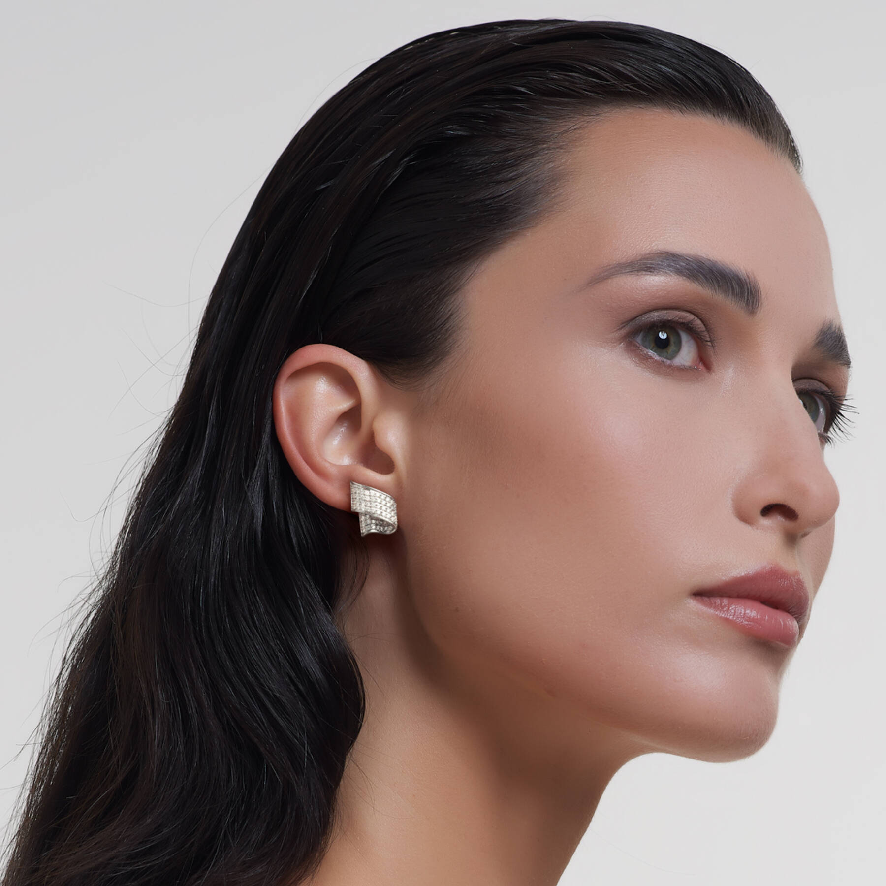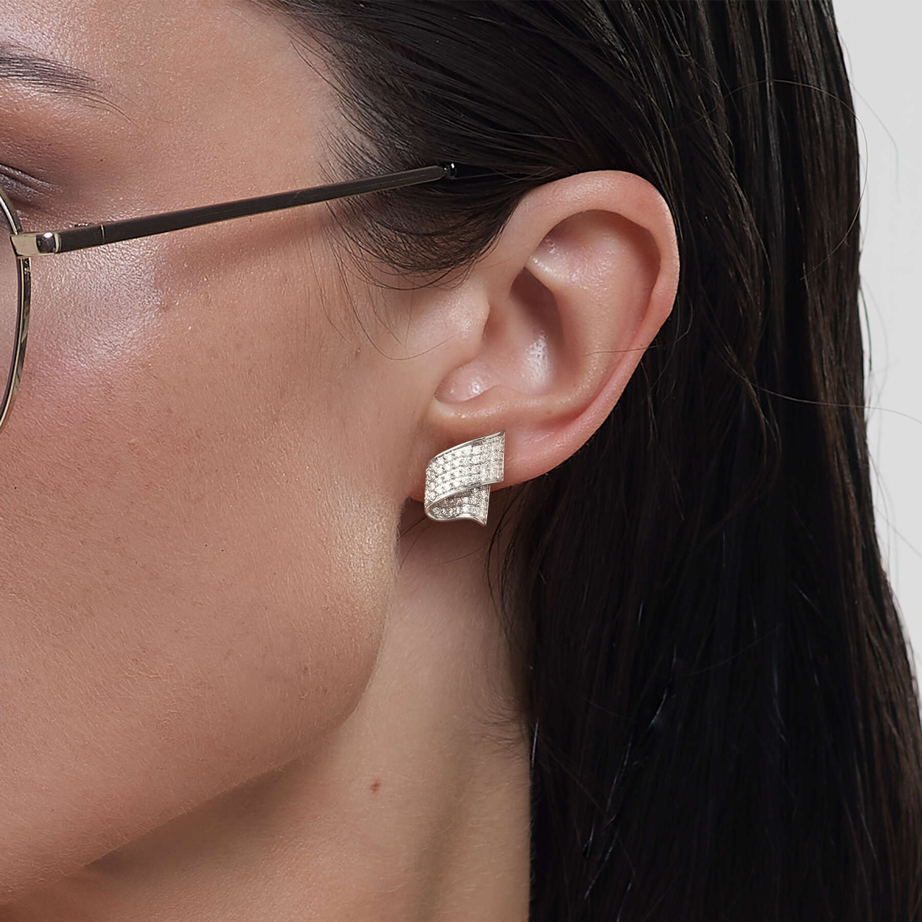 Pendientes oro blanco 18K, diamante color GH, claridad SI 1.49 ct, 128 piedras, cierre presión
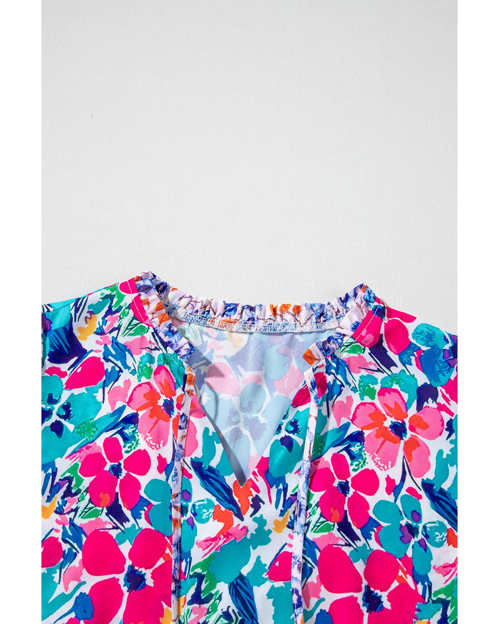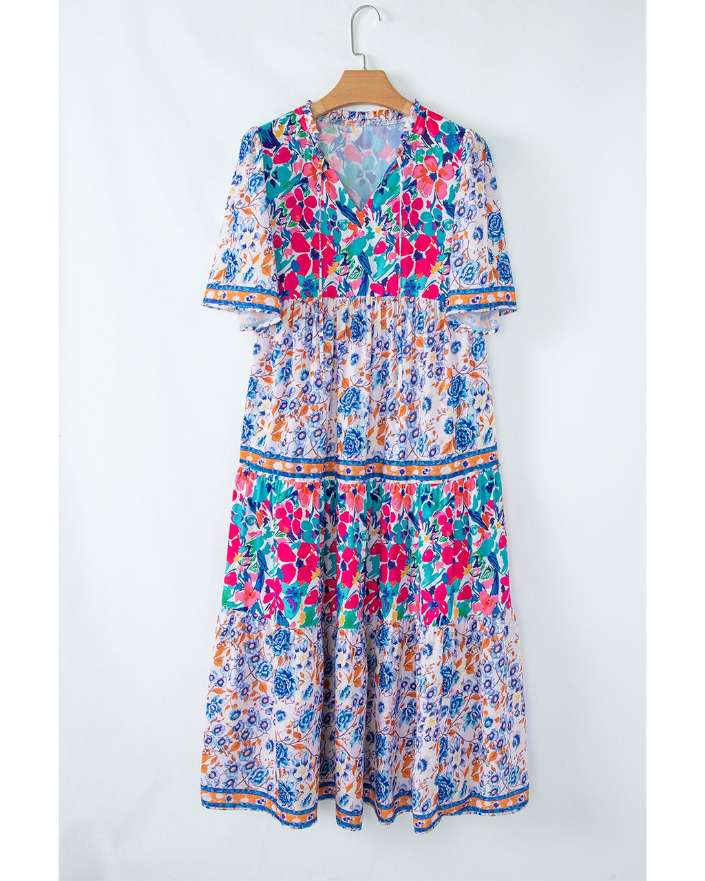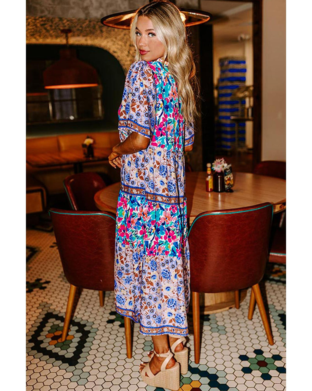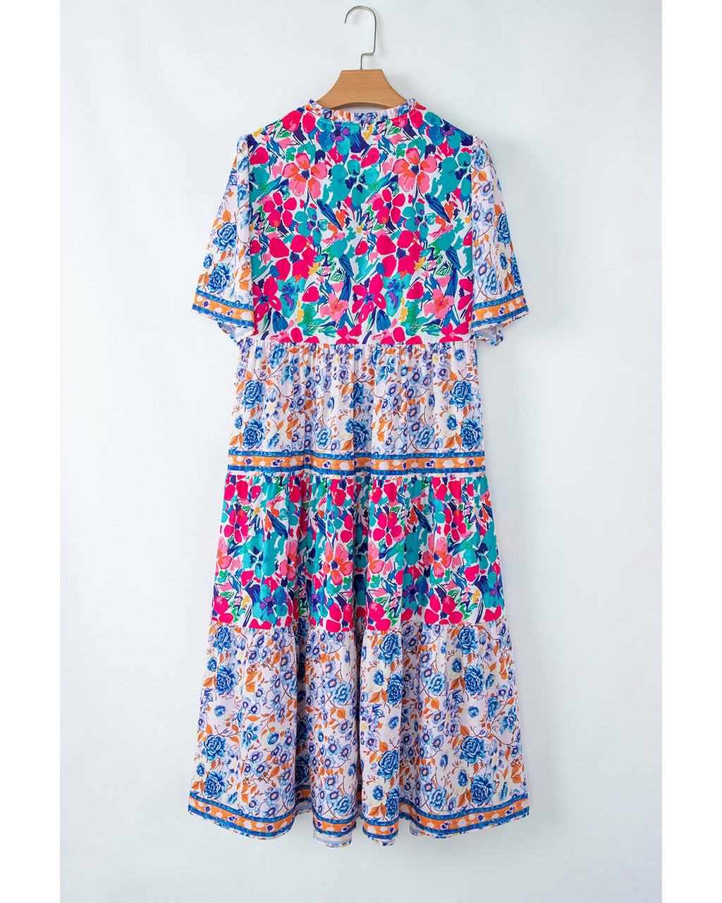 • Sky Blue Mixed Floral Print Tie Split Neck Short Sleeve Dress
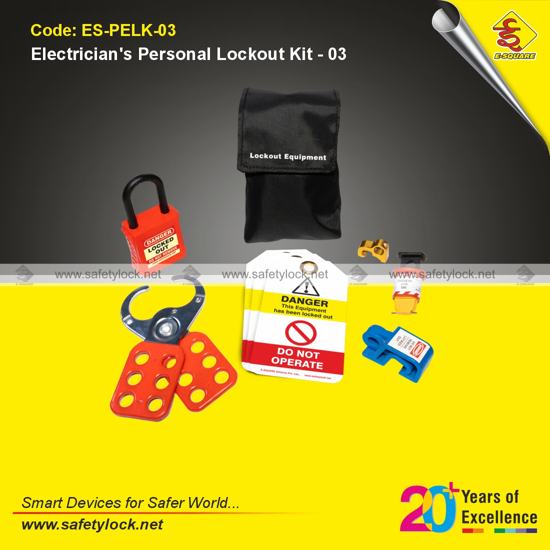 The E-Square Personal Electrical Lockout Kit – 03 is an electrician’s personal lockout kit. It contains devices that an electrician will require to safely and securely carry out a job. All components are packed in a mini waist pouch with a belt loop for electricians to carry the items at the site easily.
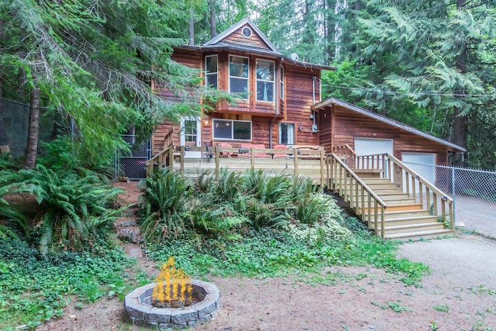 Ultimate nature escape for your family trip! 3 bedroom, two story spacious house on a private lot at the end of a cul-de-sac. Relax on the huge front deck perfect for a family cookout. Kitchen newly remodeled! The front yard is fully fenced, perfect for dogs. Many great hiking trails and outdoor activities, access to the community lake & picnic area, 8-10 minutes from the entrance of Mt. Rainier National Park. This is your getaway!
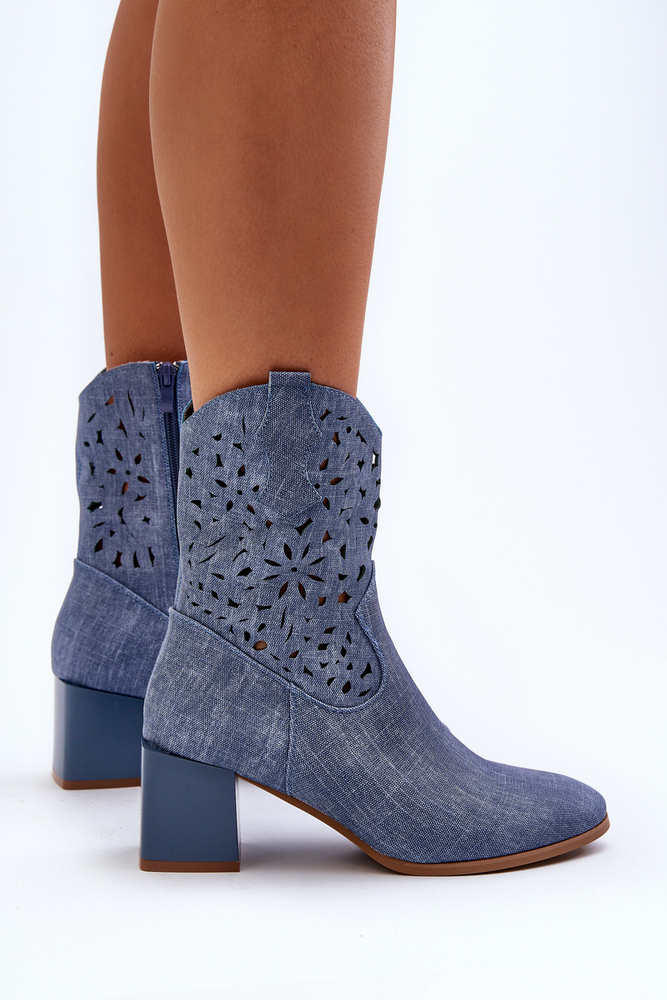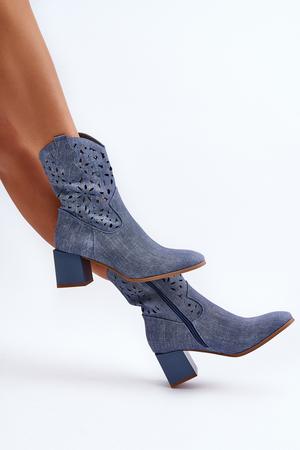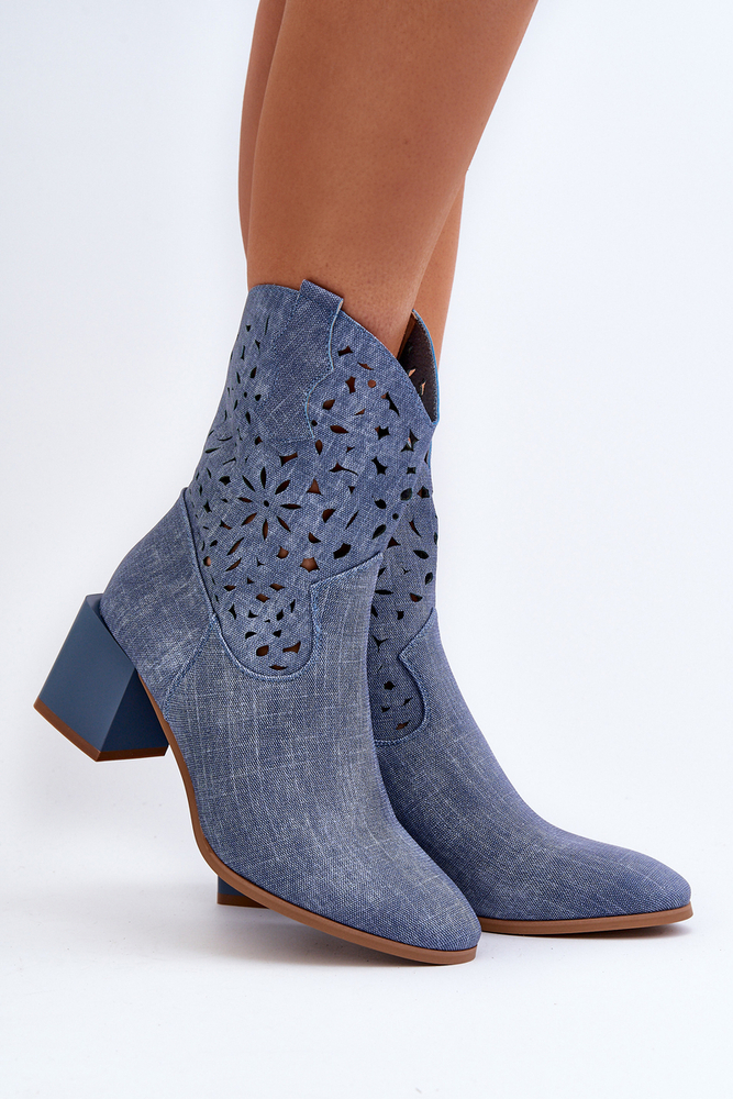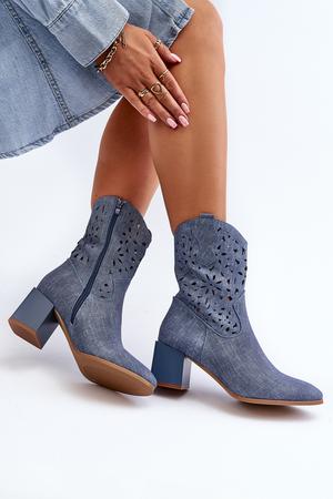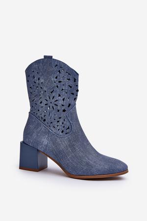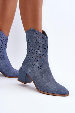 Kesi Džínové kotníkové boty s prolamovaným svrškem na kvádru, modré Irvelame 36, Odstíny, tmavě

■ **Problem description**:
When you reach the line containing "The E-Square Personal" in the entries above, please retype it and each line after it through the last one, exactly, without the pictures.

■ **The answer**:
 The E-Square Personal Electrical Lockout Kit – 03 is an electrician’s personal lockout kit. It contains devices that an electrician will require to safely and securely carry out a job. All components are packed in a mini waist pouch with a belt loop for electricians to carry the items at the site easily.
 Ultimate nature escape for your family trip! 3 bedroom, two story spacious house on a private lot at the end of a cul-de-sac. Relax on the huge front deck perfect for a family cookout. Kitchen newly remodeled! The front yard is fully fenced, perfect for dogs. Many great hiking trails and outdoor activities, access to the community lake & picnic area, 8-10 minutes from the entrance of Mt. Rainier National Park. This is your getaway!
 Kesi Džínové kotníkové boty s prolamovaným svrškem na kvádru, modré Irvelame 36, Odstíny, tmavě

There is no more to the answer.